Is the common good subordinated to our individual ability to pay? Do corporations practise subsidiarity? If they do, they will allow and even assist other farming structures — family farming in some regions, subsistence farming in others — to flourish alongside agribusiness. Is our system more geared to produce money than food? One difficult case is how local food production is curtailed in favour of growing crops to produce ethanol for use in cars — a clear impact of the global economy.
Is our global agricultural system more interested in what sells than feeding a hungry world? Is there room for responsible, prudent stewardship of the environment? Do production and distribution decisions address the rampant problems of malnutrition? And are long-term risks such as the growth of resistance to herbicides and pesticides included in how we assess technological innovations?
If you’ve answered all these questions, either you haven’t really thought about them or there’s a job for you in Rome.
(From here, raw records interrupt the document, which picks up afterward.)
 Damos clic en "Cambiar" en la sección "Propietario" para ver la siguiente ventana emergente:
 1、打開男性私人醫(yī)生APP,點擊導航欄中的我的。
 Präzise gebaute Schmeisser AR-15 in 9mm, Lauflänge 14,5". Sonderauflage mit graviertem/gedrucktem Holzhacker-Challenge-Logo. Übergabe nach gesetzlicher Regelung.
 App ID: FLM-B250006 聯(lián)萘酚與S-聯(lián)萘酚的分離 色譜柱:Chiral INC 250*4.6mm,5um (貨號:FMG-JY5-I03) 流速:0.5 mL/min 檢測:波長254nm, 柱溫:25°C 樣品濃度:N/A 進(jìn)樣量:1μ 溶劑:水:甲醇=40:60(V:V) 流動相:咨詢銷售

There’s no way of thinking about these questions without thinking about our environment, the ecology and God’s gift of our relationships with each other and the natural world.
Our human bond with the earth is foundational. “Adam” comes from adamah or ground, earth. So too, “human” is grounded in humus, soil. Humanity was not created ex nihilo but ex adamah and out of humus. Without earth, there is no human being.
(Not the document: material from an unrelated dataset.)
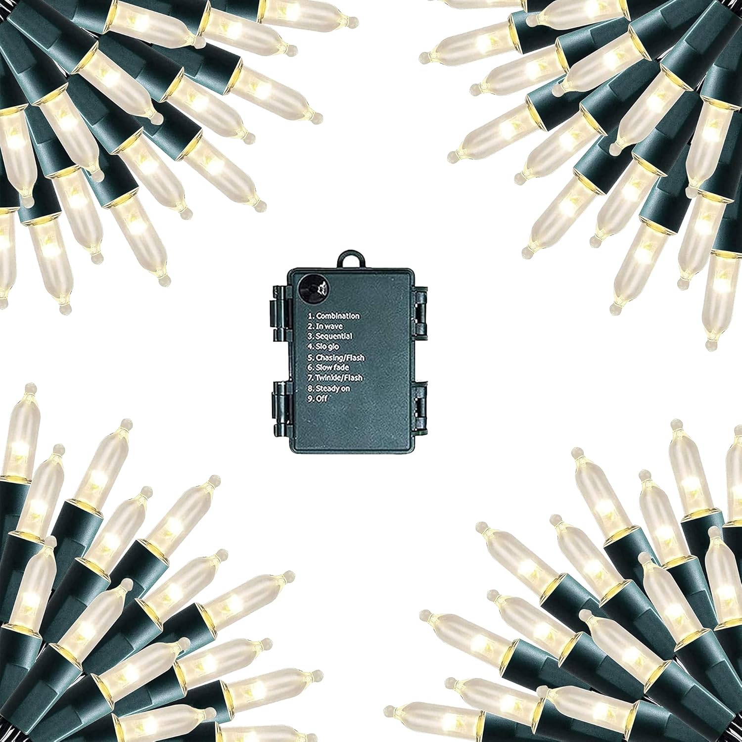 - 8 Lighting Modes: Dazzle Bright mini string lights has 8 different lighting methods, including combination, in wave, sequential, slo glo, chasing/flash, slow fade, twinkle/flash, steady on. Press the button on the battery box to select the lighting mode you like.

Moreover, our human story begins in a garden, not in the wilds. And it involves more than the inexorable laws of nature. Humanity is the factor that opens the earth up to new possibilities. Will there be blessed innovations and new harmonies, or new imbalances and cumulative decline? The outcomes depend on our choices.
I dare to challenge everyone to use all the gifts God has given — your wisdom, your experience and your creativity — to dialogue, to wrestle with the question of food and the tragedy of hunger. You must offer solutions to farmers and agricultural workers of this generation and the next. With faith and commitment to the common good, we can address the food, land and environmental challenges before humankind.
(Cardinal Turkson is president of the Pontifical Council for Justice and Peace.)